**Dataset content:**

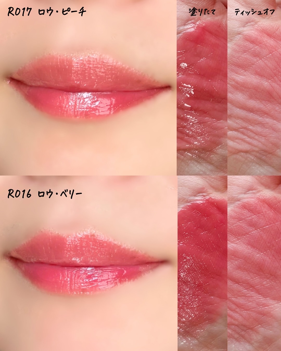 - <R001 ベア> 水、ジフェニルジメチコン、オクチルドデカノール、ビスジグリセリルポリアシルアジペート-2、リンゴ酸ジイソステアリル、トリメチルシロキシフェニルジメチコン、水添ポリイソブテン、ジグリセリン、ポリソルベート60、BG、セチルPEG/PPG-10/1ジメチコン、1,2-ヘキサンジオール、ペンチレングリコール、(アクリル酸ヒドロキシエチル/アクリロイルジメチルタウリンNa)コポリマー、セテアレス-20、スクワラン、フェノキシエタノール、酸化チタン、香料、エチルヘキシルグリセリン、黄5、赤227、イソステアリン酸ソルビタン、水酸化Al、ポリアクリル酸アンモニウム、酢酸トコフェロール、黄4、青1、ヒアルロン酸Na、(アルギニン/リシン)ポリペプチド、加水分解ヒアルロン酸、トコフェロール、アセチルヒアルロン酸Na、ソルビン酸 <R002 ロウローズ> 水、ジフェニルジメチコン、オクチルドデカノール、ビスジグリセリルポリアシルアジペート-2、リンゴ酸ジイソステアリル、トリメチルシロキシフェニルジメチコン、水添ポリイソブテン、ジグリセリン、ポリソルベート60、BG、セチルPEG/PPG-10/1ジメチコン、1,2-ヘキサンジオール、ペンチレングリコール、(アクリル酸ヒドロキシエチル/アクリロイルジメチルタウリンNa)コポリマー、セテアレス-20、スクワラン、フェノキシエタノール、酸化チタン、香料、エチルヘキシルグリセリン、黄5、赤227、イソステアリン酸ソルビタン、酢酸トコフェロール、水酸化Al、ポリアクリル酸アンモニウム、ヒアルロン酸Na、青1、加水分解ヒアルロン酸、(アルギニン/リシン)ポリペプチド、トコフェロール、アセチルヒアルロン酸Na、ソルビン酸 <R003 ロウプリコット> 水、ジフェニルジメチコン、オクチルドデカノール、ビスジグリセリルポリアシルアジペート-2、リンゴ酸ジイソステアリル、トリメチルシロキシフェニルジメチコン、水添ポリイソブテン、ジグリセリン、ポリソルベート60、BG、セチルPEG/PPG-10/1ジメチコン、1,2-ヘキサンジオール、ペンチレングリコール、(アクリル酸ヒドロキシエチル/アクリロイルジメチルタウリンNa)コポリマー、セテアレス-20、スクワラン、フェノキシエタノール、香料、エチルヘキシルグリセリン、酸化チタン、黄5、イソステアリン酸ソルビタン、赤227、酢酸トコフェロール、ヒアルロン酸Na、水酸化Al、ポリアクリル酸アンモニウム、加水分解ヒアルロン酸、青1、(アルギニン/リシン)ポリペプチド、トコフェロール、アセチルヒアルロン酸Na、ソルビン酸 <R004 フィーバー> 水、ジフェニルジメチコン、オクチルドデカノール、リンゴ酸ジイソステアリル、ビスジグリセリルポリアシルアジペート-2、トリメチルシロキシフェニルジメチコン、水添ポリイソブテン、ジグリセリン、ポリソルベート60、BG、セチルPEG/PPG-10/1ジメチコン、1,2-ヘキサンジオール、ペンチレングリコール、(アクリル酸ヒドロキシエチル/アクリロイルジメチルタウリンNa)コポリマー、セテアレス-20、スクワラン、フェノキシエタノール、香料、エチルヘキシルグリセリン、黄5、赤227、イソステアリン酸ソルビタン、酢酸トコフェロール、ヒアルロン酸Na、加水分解ヒアルロン酸、(アルギニン/リシン)ポリペプチド、トコフェロール、アセチルヒアルロン酸Na、ソルビン酸 <R005 ハイビスカス> 水、ジフェニルジメチコン、オクチルドデカノール、ビスジグリセリルポリアシルアジペート-2、リンゴ酸ジイソステアリル、トリメチルシロキシフェニルジメチコン、水添ポリイソブテン、ジグリセリン、ポリソルベート60、BG、セチルPEG/PPG-10/1ジメチコン、1,2-ヘキサンジオール、ペンチレングリコール、アクリル酸ヒドロキシエチル/アクリロイルジメチルタウリンNa)コポリマー、セテアレス-20、スクワラン、フェノキシエタノール、香料、エチルヘキシルグリセリン、赤227、黄5、イソステアリン酸ソルビタン、赤104(1)、酢酸トコフェロール、ヒアルロン酸Na、加水分解ヒアルロン酸、(アルギニン/リシン)ポリペプチド、トコフェロール、アセチルヒアルロン酸Na、ソルビン酸 <R006 ロウグレープ> 水、ジフェニルジメチコン、ビスジグリセリルポリアシルアジペート-2、リンゴ酸ジイソステアリル、オクチルドデカノール、トリメチルシロキシフェニルジメチコン、水添ポリイソブテン、ジグリセリン、ポリソルベート60、BG、セチルPEG/PPG-10/1ジメチコン、1,2-ヘキサンジオール、ペンチレングリコール、(アクリル酸ヒドロキシエチル/アクリロイルジメチルタウリンNa)コポリマー、セテアレス-20、スクワラン、酸化チタン、フェノキシエタノール、香料、エチルヘキシルグリセリン、黄5、赤227、イソステアリン酸ソルビタン、水酸化Al、ポリアクリル酸アンモニウム、酢酸トコフェロール、ヒアルロン酸Na、青1、加水分解ヒアルロン酸、(アルギニン/リシン)ポリペプチド、トコフェロール、アセチルヒアルロン酸Na、ソルビン酸 <R007 チル> 水、ジフェニルジメチコン、オクチルドデカノール、ビスジ
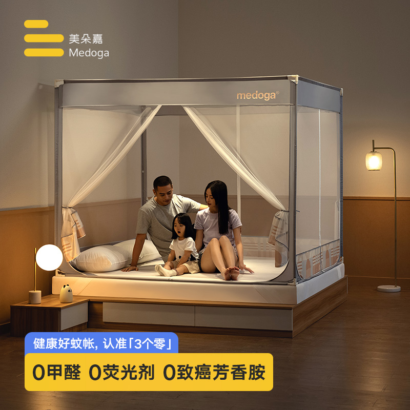 美朵嘉MEDOGA 抗菌蚊帐家用坐床蚊帐卧室儿童防摔蚊帐婴儿加密加厚支架加粗三开门 月金灰1.8m床
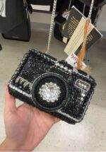 A stylish beaded clutch designed to resemble a camera, featuring intricate beadwork and a chain strap.
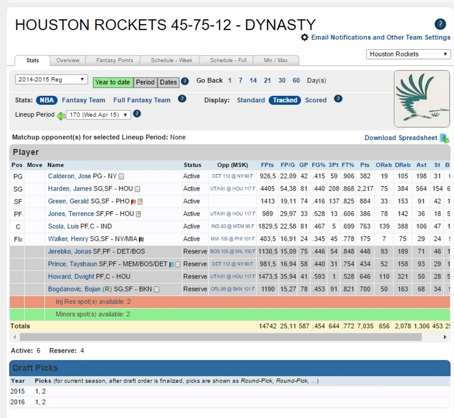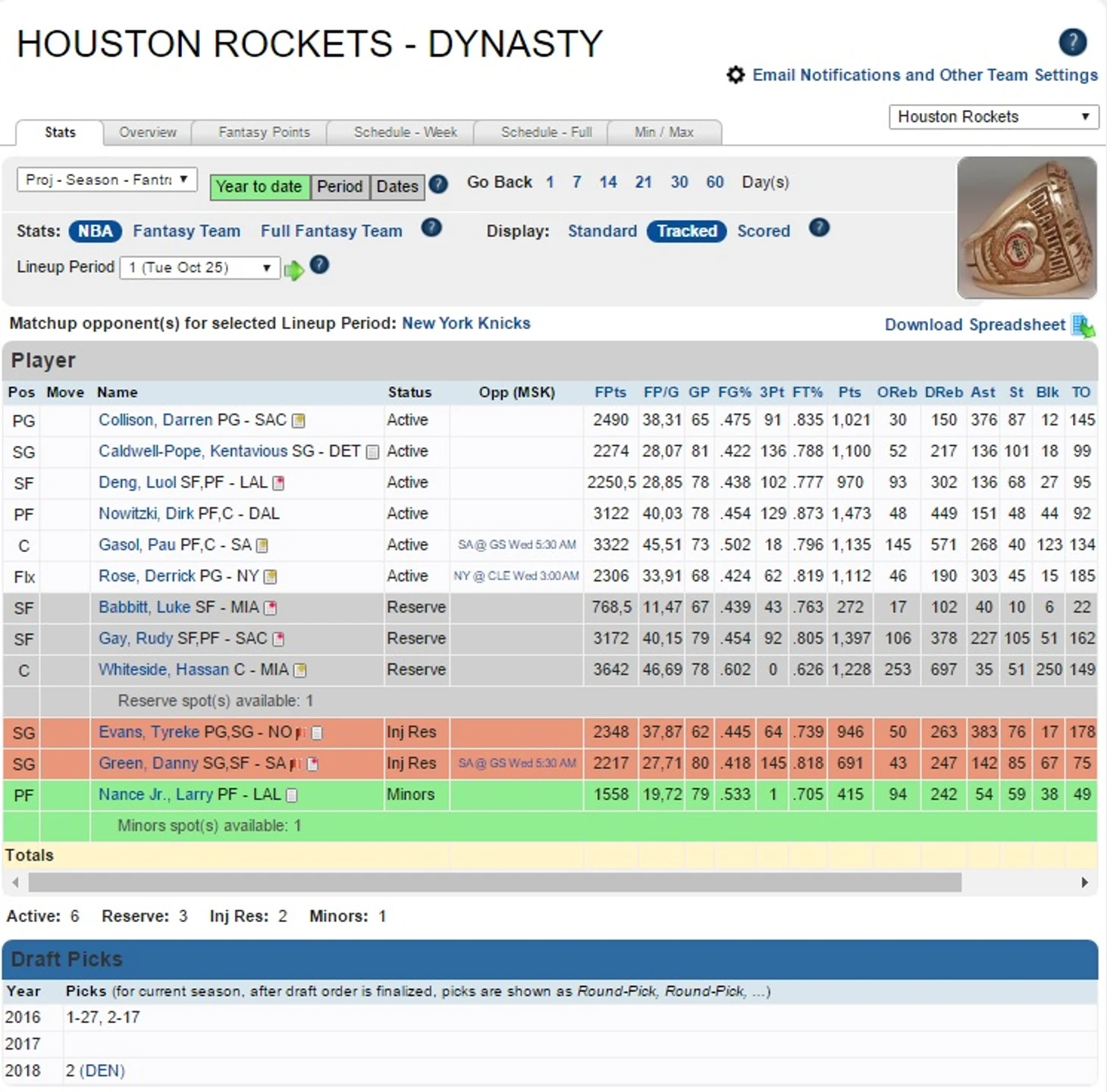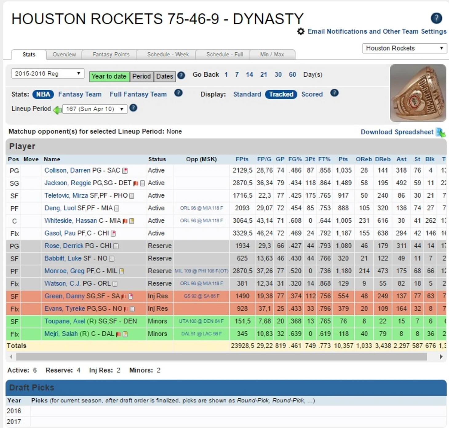 Продолжаем цикл статей о нашей Fantrax-лиге. Как уже было сказано в статье про Майами Хит, сегодня нас ждет одно из главнейших ежегодных событий – драфт новичков. Но один ГМ пройдет мимо этого праздника жизни, ибо не сохранил ни одного пика. Хотя вот если трейдик…– Houston Rockets.

**Problem requirements:** With the line containing "A stylish beaded" as the first line and the last line of the listing as the final one, reproduce that span exactly, without pictures.

**Expected output:**
 A stylish beaded clutch designed to resemble a camera, featuring intricate beadwork and a chain strap.
 Продолжаем цикл статей о нашей Fantrax-лиге. Как уже было сказано в статье про Майами Хит, сегодня нас ждет одно из главнейших ежегодных событий – драфт новичков. Но один ГМ пройдет мимо этого праздника жизни, ибо не сохранил ни одного пика. Хотя вот если трейдик…– Houston Rockets.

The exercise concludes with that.